Let $f$ be a univariate polynomials of degree $d$. Assume that:
- $f(x) \ge 0$ for all $x \in \mathbb{R}$
- $f(0) = \varepsilon >0$
- $f'(0) = 0$
My question is the following: can we deduce lower bounds for $f''(0)$ depending on $d$ and $\varepsilon$?
This seems reasonable for me, since id the second derivative is too negative, then the first derivative becomes quickly negative and thus $f$ decreases in a neighbourhood of $0$. But then this may contradict the non negativity of $f$.
I tried to exploit the Taylor expansion of $f$, but got no result. I believe that a possible solution would be to use twice the Markov brothers' inequality, that can be stated as follows:
Theorem (Markov brothers' inequality). Let $f$ be a polynomial of degree $d$. then: $$\max_{x \in [-t,t]}|f'(x)| \le \frac{2d^2}{2t} \max_{x \in [-t,t]}|f(x)|$$
Edit. After the answer of durianice, I restate my question, taking into account also the norm of $f$ (for instance, the max norm of $f$ on [-1,1]): can we deduce lower bounds for $f''(0)$ depending on $d$, $\varepsilon$ and $||f||$?
Clearly, Markov brothers' inequality already gives a bound, but this bound doesn't take into account the special properties of $f$ that I listed above.
This is answering the question before the edit, which did not require the bound to depend on $\lVert f \rVert$.

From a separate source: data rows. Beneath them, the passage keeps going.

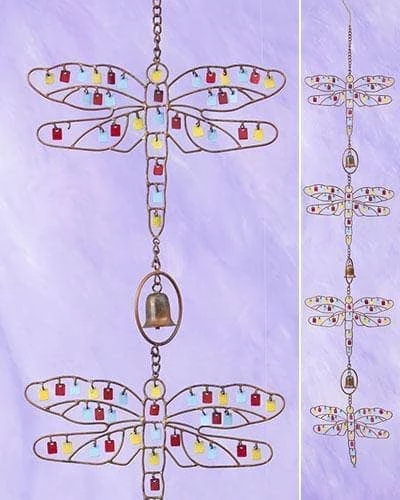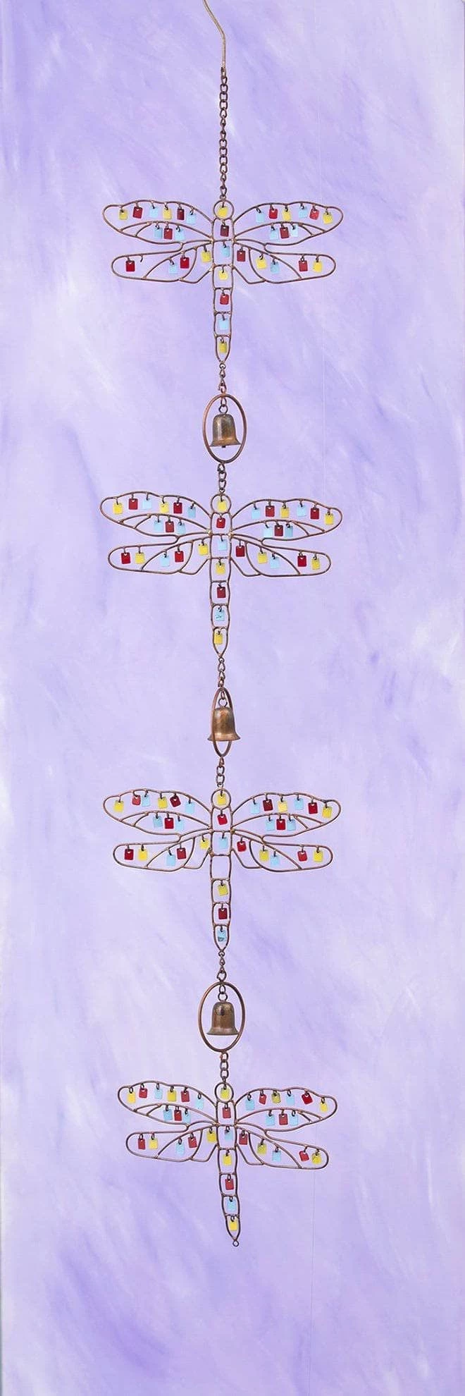The dragonfly is a fascinating insect, so we’ve paid homage to the super-sized bug with this colorful, funky wind chime. This handcrafted ornament features a trio of dragonflies, two bells and tons of red, yellow and blue pops of color. Longer than your average wind chime, this piece is over four feet tall, easily allowing it to make a statement in gardens of all styles and sizes.
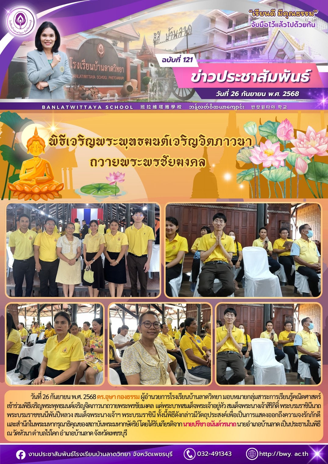 วันที่ 26 กันยายน พ.ศ. 2568 ดร.อุษา กองธรรม ผู้อำนวยการโรงเรียนบ้านลาดวิทยา มอบหมายกลุ่มสาระการเรียนรู้คณิตศาสตร์ เข้าร่วมพิธีเจริญพระพุทธมนต์เจริญจิตภาวนาถวายพระพรชัยมงคล แด่พระบาทสมเด็จพระเจ้าอยู่หัว สมเด็จพระนางเจ้าสิริกิติ์ พระบรมราชินีนาถ พระบรม...
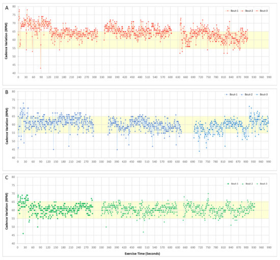 Representative time series data of pedaling cadence from one subject for baseline pedaling using a low-cadence target (60 RPM) with no feedback or engagement (A), real-time feedback of cadence performance (B) and video-based engagement (C). Shown are three 5-min bouts of the 15-min pedaling sessions, which included a 30 s rest break between each bout. The light-yellow shading indicates the target speed range within which the participants were asked to maintain their cadence.
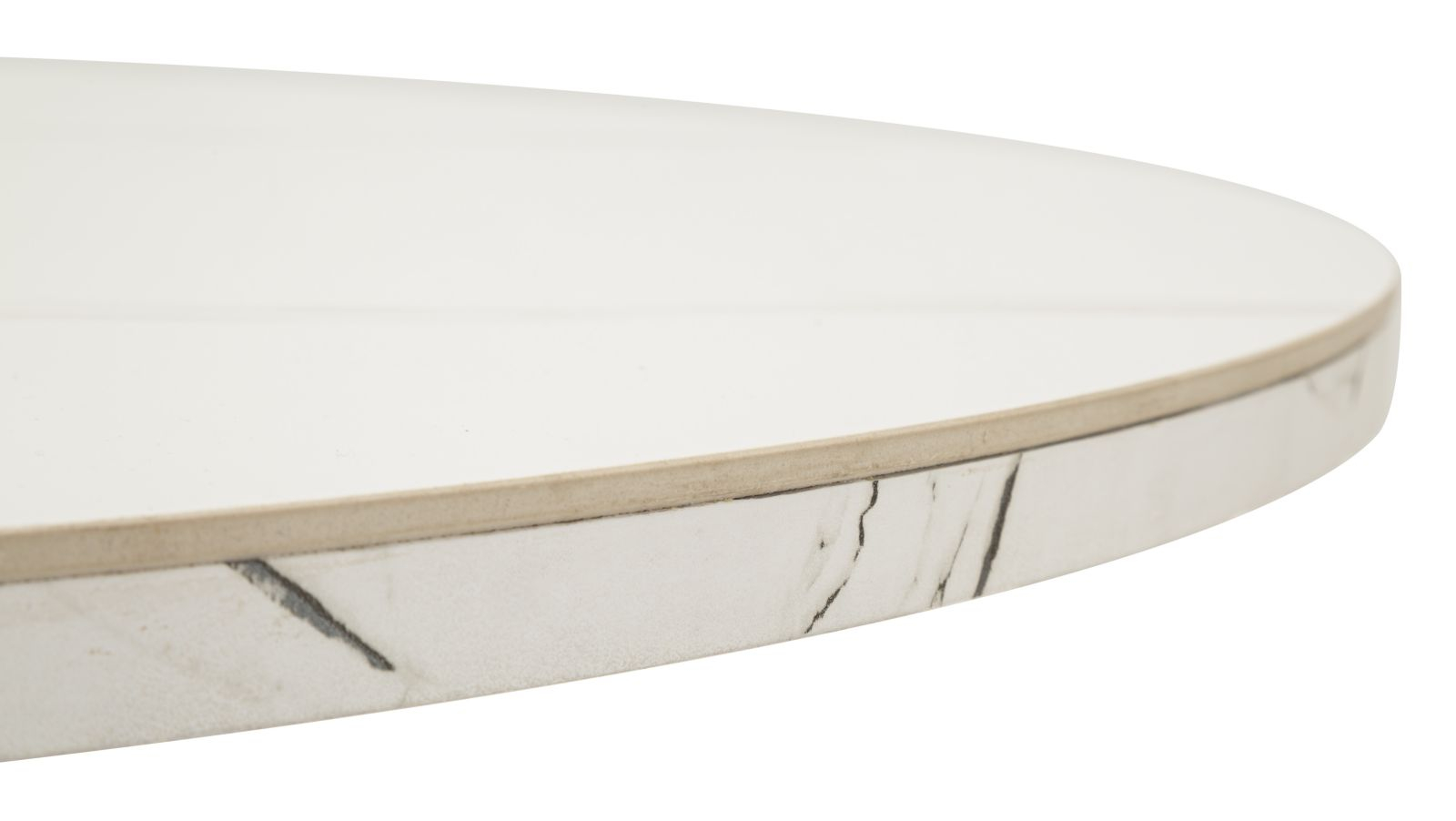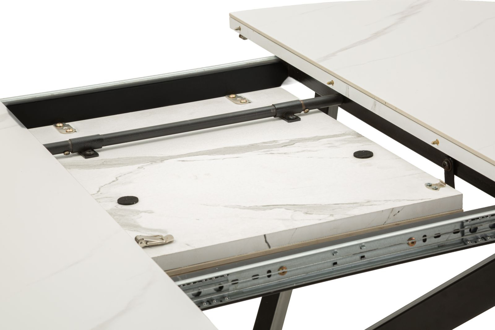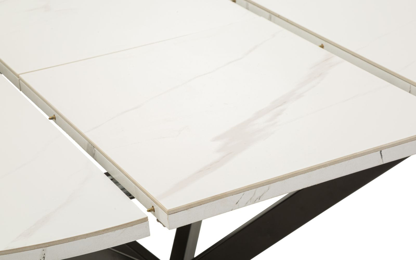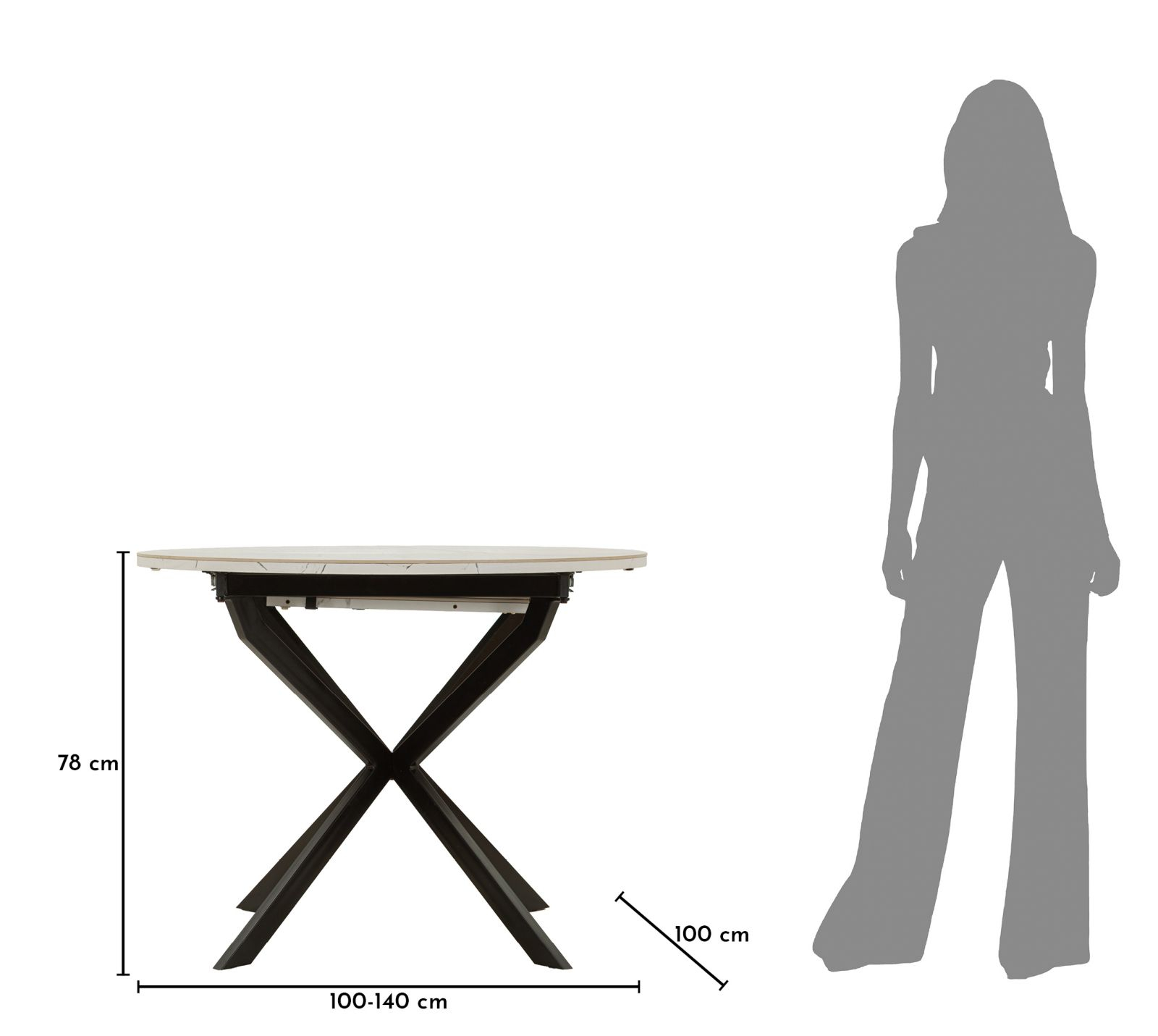 Masă de dining extensibilă rotundă cu blat ceramic efect marmură albă și bază metalică neagră în formă X 100 x 78 cm

Consider $f(x)=ax^4-bx^2+\varepsilon$, where $b>0$ and $a>\frac{b^2}{4\varepsilon}$. Clearly $f(0)>0$ and $f'(0)=0$. Also, since the quadratic discriminant $b^2-4a\varepsilon$ is negative, $f$ has no real root, implying that it is positive on $\mathbb{R}$. Note that $f''(0)=-2b$, which depends only on some arbitrary $b$. It then follows that $|f''(0)|$ can be arbitrarily large, and not bounded by any function depending on $d$ or $\varepsilon$.